MCU proteins dominate in vivo mitochondrial Ca2+ uptake in Arabidopsis roots

Ca²⁺ signaling is central to plant development and acclimation. While Ca²⁺-responsive proteins have been investigated intensely in plants, only a few Ca²⁺-permeable channels have been identified, and our understanding of how intracellular Ca²⁺ fluxes is facilitated remains limited. Arabidopsis thaliana homologs of the mammalian channel-forming mitochondrial calcium uniporter (MCU) protein showed Ca²⁺ transport activity in vitro.
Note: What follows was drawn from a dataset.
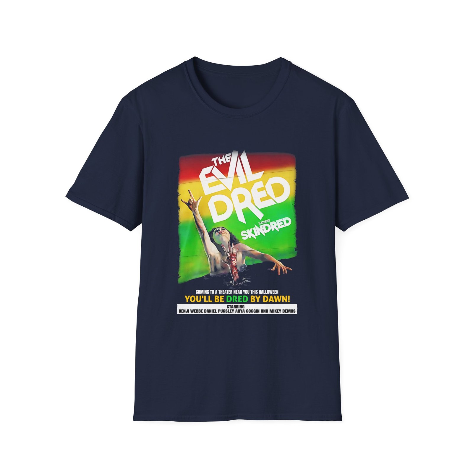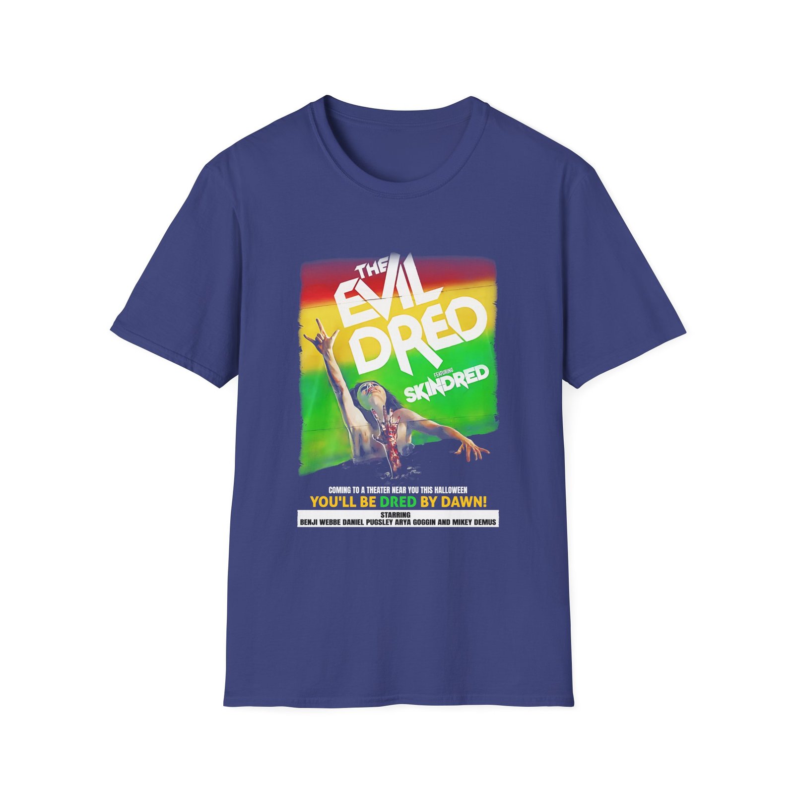 The Skindred the Evil Dred unisex soft-style t-shirt puts a new spin on casual comfort. Made from very soft materials, this tee is 100% cotton for solid colors. Heather colors and sports grey include polyester. The shoulders have twill tape for improved durability. There are no side seams. The collar is made with ribbed knitting to prevent curling damage.

Yet, the evolutionary complexity of MCU proteins, as well as reports about alternative systems and unperturbed mitochondrial Ca²⁺ uptake in knockout lines of MCU genes, leave critical questions about the in vivo functions of the MCU protein family in plants unanswered. Here, we demonstrate that MCU proteins mediate mitochondrial Ca²⁺ transport in planta and that this mechanism is the major route for fast Ca²⁺ uptake. Guided by the subcellular localization, expression, and conservation of MCU proteins, we generated an mcu triple knockout line. Using Ca²⁺ imaging in living root tips and the stimulation of Ca²⁺ transients of different amplitudes, we demonstrated that mitochondrial Ca²⁺ uptake became limiting in the triple mutant. The drastic cell physiological phenotype of impaired subcellular Ca²⁺ transport coincided with deregulated jasmonic acid-related signaling and thigmomorphogenesis. Our findings establish MCUs as a major mitochondrial Ca²⁺ entry route in planta and link mitochondrial Ca²⁺ transport with phytohormone signaling.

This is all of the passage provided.